PROVIDED DATA:
---+---

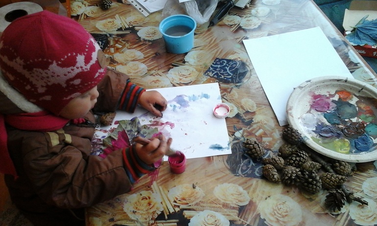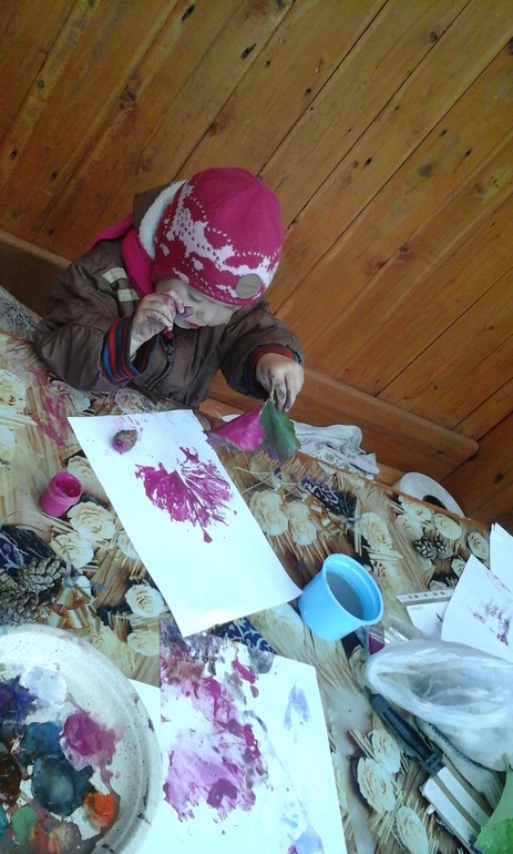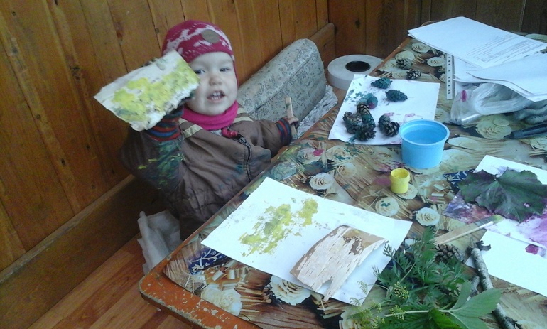 Еще с удовольствием делали отпечатки на листе: лопуха, шишки, коры от берёзы, веточек разных размеров.
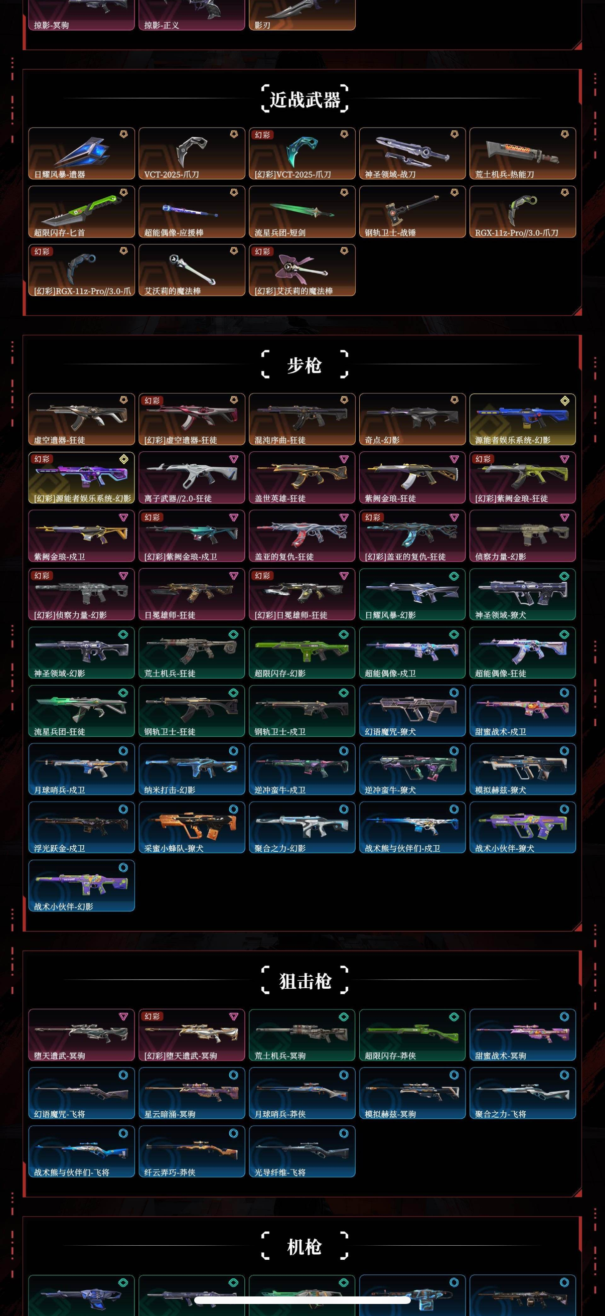 【拥有近战武器】日耀风暴-遗器,VCT-2025-爪刀,神圣领域-战刀,荒土机兵-热能刀,超限闪存-匕首,超能偶像-应援棒,流星兵团-短剑,钢轨卫士-战锤,RGX-11z-Pro//3.0-爪刀,艾沃莉的魔法棒,
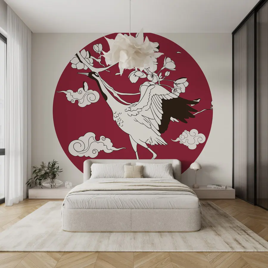 Képzelje el, hogy belép egy olyan szobába, ahol egy kecses madár táncol a falról. Ez a falfestmény, amelyen egy kedves daru ül elegánsan egy ágon, a természetről és a nyugalomról suttog meséket. Az élénk vörös háttér azonnal feldobja a teret, miközben melegséget és bájt sugároz. Képzelje el, amint teát szürcsölget, a nyugodt kép békés égboltról és szelíd szellőről álmodik. Ez nem csak dekoráció; olyan, mint egy kis menekülés a mindennapi nyüzsgés elől. A barátok bámulni fognak, talán irigykedve, de leginkább inspirálva. Egy kis varázslat, egy kis otthonosság.

---+---

WHAT YOU SHOULD DO:
Print the data above exactly, minus pictures.

TASK OUTPUT:
 Еще с удовольствием делали отпечатки на листе: лопуха, шишки, коры от берёзы, веточек разных размеров.
 【拥有近战武器】日耀风暴-遗器,VCT-2025-爪刀,神圣领域-战刀,荒土机兵-热能刀,超限闪存-匕首,超能偶像-应援棒,流星兵团-短剑,钢轨卫士-战锤,RGX-11z-Pro//3.0-爪刀,艾沃莉的魔法棒,
 Képzelje el, hogy belép egy olyan szobába, ahol egy kecses madár táncol a falról. Ez a falfestmény, amelyen egy kedves daru ül elegánsan egy ágon, a természetről és a nyugalomról suttog meséket. Az élénk vörös háttér azonnal feldobja a teret, miközben melegséget és bájt sugároz. Képzelje el, amint teát szürcsölget, a nyugodt kép békés égboltról és szelíd szellőről álmodik. Ez nem csak dekoráció; olyan, mint egy kis menekülés a mindennapi nyüzsgés elől. A barátok bámulni fognak, talán irigykedve, de leginkább inspirálva. Egy kis varázslat, egy kis otthonosság.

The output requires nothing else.